As annual trade volumes climb into the hundreds of millions of United States dollars, delays at the border increasingly translate into higher logistics costs, longer turnaround times and mounting margin pressure for exporters.
“Traffic surges are still experienced, mainly due to the following factors, among others: Increased trade volumes following the upgrade of Beira Port, whose handling capacity has significantly improved; A good road network from Machipanda Frontier to Beira Port, making this route more attractive compared to distant ports such as Durban and Windhoek,” the Zimbabwe Revenue Authority (Zimra) told businessdigest in response to emailed questions.
“Inadequate border infrastructure that can no longer cope with increased traffic volumes; A narrow road network on the Zimbabwean side, which inhibits efficient movement to customs holding and clearance bays.
“Inadequate human and capital resources, impacting productivity levels; Slow uptake of the 24-hour operation by some clearing agents who facilitate bill of entry processing and traffic movement across the border,” it added.
The congestion at Forbes has laid bare the gap between infrastructure modernisation efforts and Zimbabwe’s expanding trade ambitions.
In its 2025 Import & Export Trade Analysis Report, Buy Zimbabwe noted that export earnings rose from US$6,06 billion in 2021 to US$9,71 billion by 2025.
Growth last year was driven by higher semi-manufactures, nickel mattes and tobacco exports, which together accounted for nearly three-quarters of total receipts.
Over the same period, imports climbed from US$7,37 billion to US$10,11 billion, largely on the back of energy-related products, diesel, petrol, liquefied petroleum gas and electricity, as well as key food commodities and fertilisers.
“The One-Stop Border Post concept has not yet been implemented, as bilateral engagements on the matter are still in progress,” Zimra said.
“This development is expected to be supported by the expansion of the one-way Munene River Bridge between Zimbabwe and Mozambique, which currently inhibits fast and efficient cross-border traffic movement.”
Authorities say several mitigation measures are now underway.
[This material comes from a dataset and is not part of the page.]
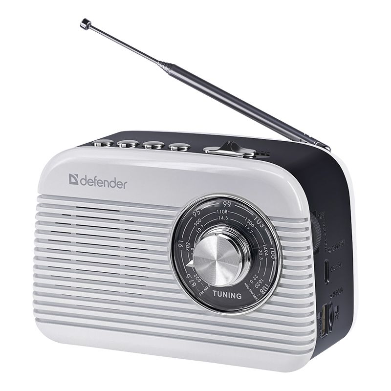 Радиоприемник Defender Signal, FM/AM/SW, Bluetooth, MP3, черный/белый (65089)

Forbes is transitioning from pre-lodgement to full pre-clearance of customs documentation, a shift designed to eliminate post-crossing customs formalities as all imports will have been cleared and paid for in advance.
“Zimra and Alfândega (Mozambique’s national customs service) have agreed to implement a managed truck call-up system to regulate traffic flow across the bridge. Only trucks with completed customs formalities will be allowed access, reducing unnecessary congestion,” Zimra said.
“Zimra at Forbes intends to take control of the release process from clearing agents to reduce idle time and integrate this into the truck call-up system, ensuring that only trucks requiring physical inspection are detained. All others should enjoy express passage.”
The tax authority added that human and capital resource gaps are being addressed gradually, subject to financial capacity, in line with the demands of the 24-hour operation.
“Process delays due to intermittent network connectivity have been mitigated through the installation of more reliable Starlink connectivity,” Zimra said.
“All agents and supply chain partners engage in regular stakeholder strategy meetings.”